Thursday, July 06, 2006

Knowledge v/s ignorance

"The greatest obstacle to discovery is not ignorance - it is the illusion of knowledge."

Daniel J. Boorstin (1914 - )

I would say obstacles are lack of optimism, demotivating people around you, nay-sayers and what not. Overcoming all this to discover something lasting can feel so difficult that you would think all that there is to discover has already been discovered and nothing is left.

First and foremost and most irritating obstacle I can think of is people saying 'it won't work.' This is just intolerable when they say it when there are no better ideas from anyone. They just do not want to go with your idea so they try their best to demotivate you. Other people who also take comfort in status quo join them and there you have formidable obstacle to overcome before you can even start discovering something. So much energy is wasted in overcoming such attitudes that there is hardly anything left for discovery.

Management gurus warn against having all yes sayers. That is true. But, to have a devil's advocate just for the sake of it is worse than any kind of torture you can imagine. Dream team to work with is a bunch of smart, opinionated and independent thinkers. Who understand the meaning of making some decision in a given time with the best information at hand and then putting their best to see if it works. If it does not work, we will have learnt one way that does not work. There are only so many more ways and one of them is bound to work. We pick ourselves up and move on try to next alternative with renewed enthusiasm.

Sometimes it is hard to make people see your way of doing things. This is especially true when they have another way to do things. In such cases, it makes sense to let the person try his or her way and then discover for themselves if that works. It may seem to be an extra step and time consuming. But, it will go a long way in securing their buy in next time without much opposition. They will have respect for your insight and appreciation for your letting them try their way.

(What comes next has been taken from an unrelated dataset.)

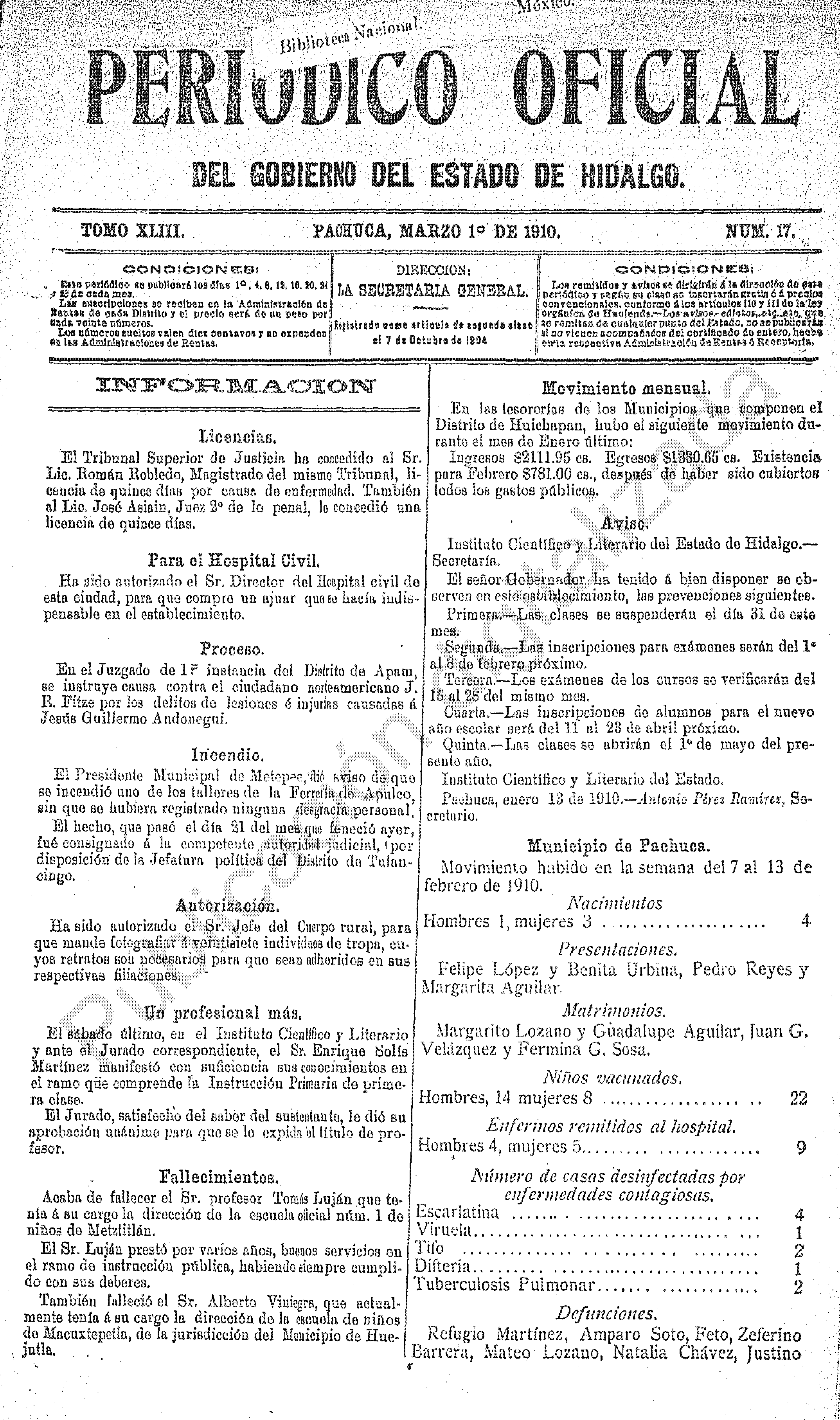 Descargar Periódico Oficial Ordinario 0 del 01 de marzo de 1910

However, we have to be very careful when we let people to purse their way over what we would have liked them to do. You have to have an informal contract about how long you are going to allow the person to try their way of doing something, what will be the success criteria and how and when do you revisit to review. If you come to a common understanding on all this, it won't be too hard to bring them back to your track later on. It is certainly a challenge to dissuade people when they say "I am 90% complete". Last 10% takes another 300% of the time already spent. One way to retort is to ask how many more days they will need for next review. This is a very reasonable question. If you are 90% complete, I think you should have a very good sense of how much more time you need for remaining 10%. This will make people rethink how far they have progressed. If they tell some very high number, you can say tell that what they would need is far more than what can be allowed per your original discussion and it is time to move on. If they need only a small amount of additional time, it is fine to allow that.

Bottom line is you want people to want to follow you. You can not force them. In order to do that, you have to give them ample room to experiment and see things for themselves. If not, they may follow you but you will never be able to lead. With flat organizations with loose hierarchy we have to pay this price to foster team work. Command and control style of leadership does not work in new product development and it is not good either.